Linearizing equations of motion

Question

I am given the equations of motion: $$\dot{r} = f(r)p_r,$$ $$\dot{p_r} = -\frac{V'(r)}{2f(r)}-\frac{f'(r){p_r}^2}{2}+\frac{V(r)-E^2}{2f^2(r)}f'(r)$$ Along with the conditions that $$E^2-V(r_0)=V'(r_0)=0$$

I need to linearize the equations of motion around a circular orbit at $r=r_0$ so I tried to calculate the Jacobian matrix using Mathematica:

jacobianMatrix = 
 Grad[{f[r] p[r], -V'[r]/(2 f[r]) - (f'[r] p[r]^2)/
        2 + (V[r] - En^2)/(2 f[r]^2) f'[r]}, {r, p[r]}] /. r -> r0 /. 
    En^2 -> V[r0] /. V'[r0] -> 0 // MatrixForm

which gives me the output:

$$\left( \begin{array}{cc} p_{r_0} f'({r_0}) & f({r_0}) \\ -\frac{1}{2} p_{r_0}^2 f''({r_0})-\frac{V''({r_0})}{2 f({r_0})} & -p_{r_0} f'({r_0}) \\ \end{array} \right)$$

But the given solution in the paper on page 13 is:

$$\delta\dot{r}=\delta p_r,$$ $$\delta \dot{p_r}=-\frac{V''(r_0)\delta r}{2f(r_0)}$$

where I am getting the $-\frac{V''(r_0)}{2f(r_0)}$ term along with extra terms, I am not sure why the other terms vanish.
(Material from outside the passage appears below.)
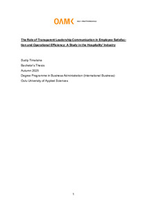 (2025)Overall, it can be concluded that transparent leadership communication is a powerful tool. It is not an administrative job, but rather a strategic job that engenders a virtuous circle. Clarity from leaders creates trust, ...Avoin saatavuus / Open access / Öppen tillgång -
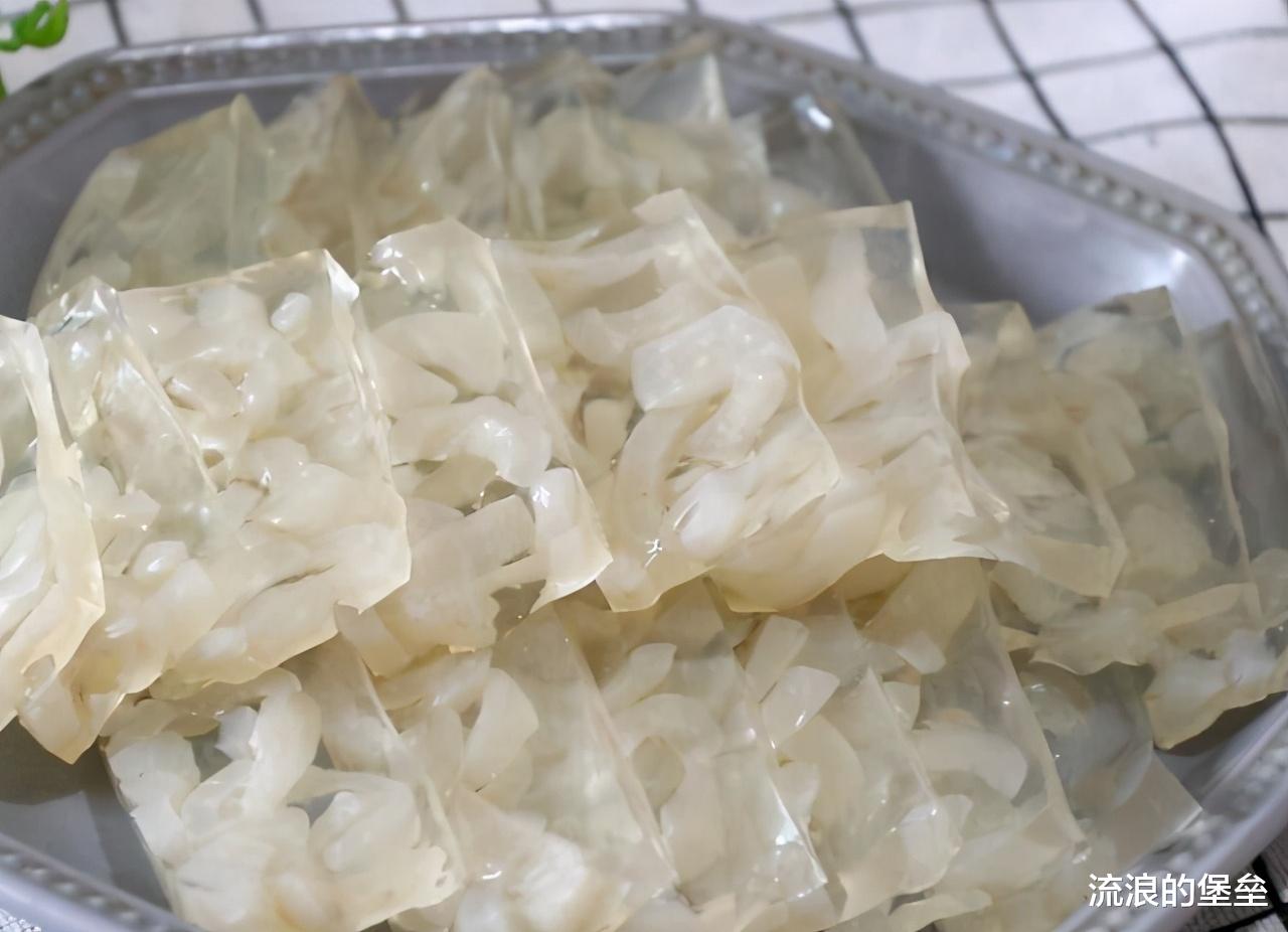 先说的就是猪皮,猪身上觉得最不好吃的部分,但其实猪皮最富含胶原蛋白,东北人把它做成了猪皮冻,像是果冻一样,弹滑的口感,里面的猪皮颗粒更是劲道有嚼劲!

How to get the solution by using the concept of linearization?

Answer 1

Because the canonical apparatus is made for not doing geometry on tangent spaces:

Its always easier to take the series expansion of the Hamiltonian in the radius $r$ around some fixed $R$ up ou second order in

$$H(R+s) = H(R)+ H'(R) s + 1/2 H''(R) s^2.$$

For a stable circle solve for $p$

$$H'(R)==0$$

The rest is an harmonic oscillator.

By the principles, any function

$$F = f(q) P$$

generates canonically

$$Q = f(q) , p = f'(q) P = f'(f^1(Q)) P$$

In the same way. probably, your $f(r)$ as was induced into the Hamiltonian.